4 thoughts on “Investment rules in trade agreements: Developments and issues in light of the TTIP debate

  1. I am still surprised how little attention is spent on the basic emperical data analysis and just built and anecdotical and little disguised politically influenced stories. If the EU were to stick to test and prooven BITs such as the German model BIT, few things would need to be discussed, that is of cause as long you stay within a minimum rule of law. If you want to role back and see the untamed Levithian as the ultimate goal for the EU to evolve to, then of cause you should be scared of investment protection …

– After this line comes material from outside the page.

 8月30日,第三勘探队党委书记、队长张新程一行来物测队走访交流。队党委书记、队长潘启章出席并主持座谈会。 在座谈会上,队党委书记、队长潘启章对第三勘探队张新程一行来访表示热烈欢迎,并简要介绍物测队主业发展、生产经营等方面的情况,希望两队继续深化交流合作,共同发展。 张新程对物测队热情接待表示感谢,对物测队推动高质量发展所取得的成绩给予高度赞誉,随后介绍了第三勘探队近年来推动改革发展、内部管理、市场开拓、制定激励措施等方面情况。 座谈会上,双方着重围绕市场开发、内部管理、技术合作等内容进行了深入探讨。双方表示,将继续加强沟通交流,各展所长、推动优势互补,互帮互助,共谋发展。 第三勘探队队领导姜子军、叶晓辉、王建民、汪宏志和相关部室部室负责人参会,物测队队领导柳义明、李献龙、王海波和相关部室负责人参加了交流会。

    To name a few deficiancies here: US-AUS BIT is everything but new and the US is probably regretting as it still kept ISDS in its 2012 model BIT after intense revision (under Democratic leadership someone may add).
    The so-called forum shopping – if it ever existed – will apply the same way to any BIT, not only to intra-EU (the Intra-EU question has a totally different background). Test the EU institutions on its intentions by asking a simple question: the easiest way to stop possible forum shopping is to clearly and significantly narrow the scope to bricks and motar investments (no portfolio crap etc.) … but I guess this will not fit strategy …

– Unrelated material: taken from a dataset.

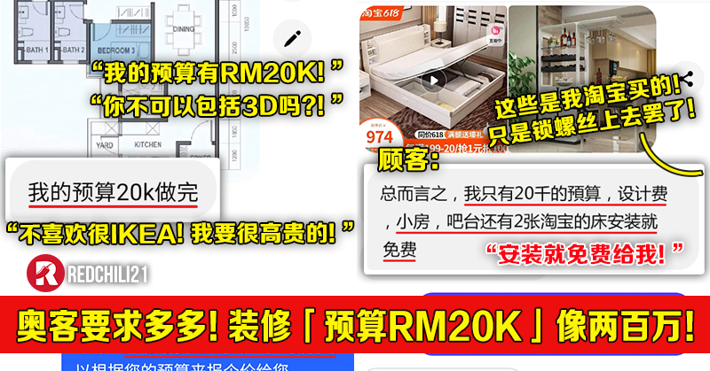 大马奥客要求多多「要免费要很高贵」!装修预算RM20,000像两百万!

    Finally, to call the link between BITs and investment inconclusive runs counter to more than five decades of state investment guarantees – something the EU Commission is after to gain competence in for more than 40 years … (mind a second who ‘invented’ BITs and why).

    In short: too much politics in this paper, too little sound research.

    Like

    Posted by Chris | September 28, 2015, 10:44
    • Dear Chris,
      In the view of your comments, it would be important to clarify the following points.
      – The AUSFTA example is not given as an example of why there should or there should not be ISDS. The paper is not on the issue of ISDS, it is only about some of the substantial investment protection rules. The AUSFTA example, here, is used to show that these rules are present in US agreements with or without an ISDS framework.
      – there is in the paper a sufficiently long discussion on the historical developments of investment protection rules (which by the way starts before the creation of BITs) pointing out why those are important and how investment rules contributed to the protection of individual rights in international public law (including ISDS features as it provided individuals with direct claims under international public law)
      – the paper does not say that BITs do not have economic impact. It says that some studies found positive effects and other had inconclusive findings. After clarifying why some papers found positive results, the paper argues that where economic results have been inconclusive with respect to the positive effect of BITs, the latter could be attributed to preference erosion, as the proliferation of BITs creates an equal playing field from the point of view of investment protection. In other words, the different countries having concluded a BIT with the same country will compete on an equal basis from the investment protection point of view, these countries will then have to compete for FDIs on the basis of other comparative advantages. So what the study wants to suggest is that it might be easier to find a stronger negative impact on FDIs flows to a country caused by the absence of an investment agreement, much more than to find a substantial positive effect created by the existence of an investment agreement.
      – With respect to forum-shopping, the paper only points out that there will be legal discrepancy between the revised EU investment rules and some of the unchanged intra-EU BITs rules, and this could lead to circumvention via intra-EU BIT of the newly EU negotiated rules. So that at a certain point the relations between EU investment rules and intra-EU BIT will have to be taken into account.